The health care representative is a person you select to participate in discussions with your health care providers and make decisions for you in accordance with what he or she knows of your wishes. A person can choose anyone over the age of 18 who is not the patient's health care provider to enforce his or her health care wishes. You select the health care proxy in the living will.

How do I prepare an advance directive?

An advance directive must be executed by a person (the “declarant”) when the declarant is competent. It must be signed by the declarant and witnessed by any two people over the age of 18. The only person who may not serve as a witness to the signing of the advance directive is the person designated as the declarant's health care representative.

A person seeking legal advice about preparing an advance directive should be encouraged to make his or her wishes known to anybody who may assume a role in his or her health care decision-making, in order to avoid unnecessary confusion or misunderstanding when the patient can no longer express him- or herself. The advance directive should also be discussed with and copies provided to members of the patient's family, other possible caregivers, the patient's doctor, and/or a lawyer.
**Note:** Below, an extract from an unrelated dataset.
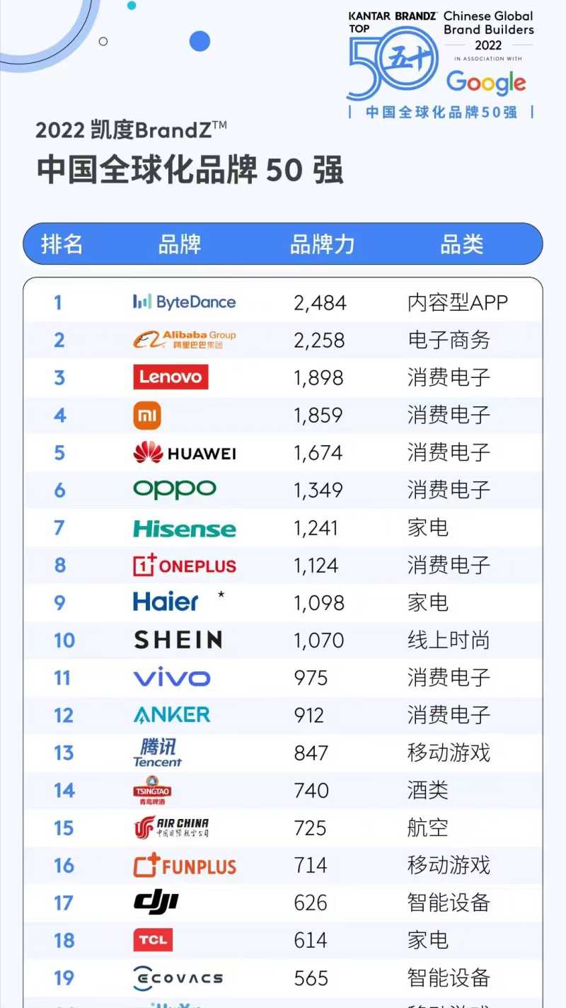 谷歌联合凯度,发布了最新的《凯度BrandZ™中国全球化品牌50强》榜单,引起了不小的关注。能上榜的大都为互联网科技企业,其中位于前列的也都是网友们耳熟能详的企业,一起来看看有哪些吧。

When does the advance directive take effect?

An advance directive takes effect when at least two physicians determine that a patient is medically incompetent or incapacitated. If a patient regains capacity or competence, the patient's wishes override the advance directive.

How do I make changes to an advance directive that is lready in effect?

You may make changes to an existing advance directive at any time, as long as you are of sound mind, using the same procedure described above.

What does an advance directive look like?

You can view an example of an advance directive form for New Jersey residents on this Web site. Your health care provider or legal representative can also give you a form.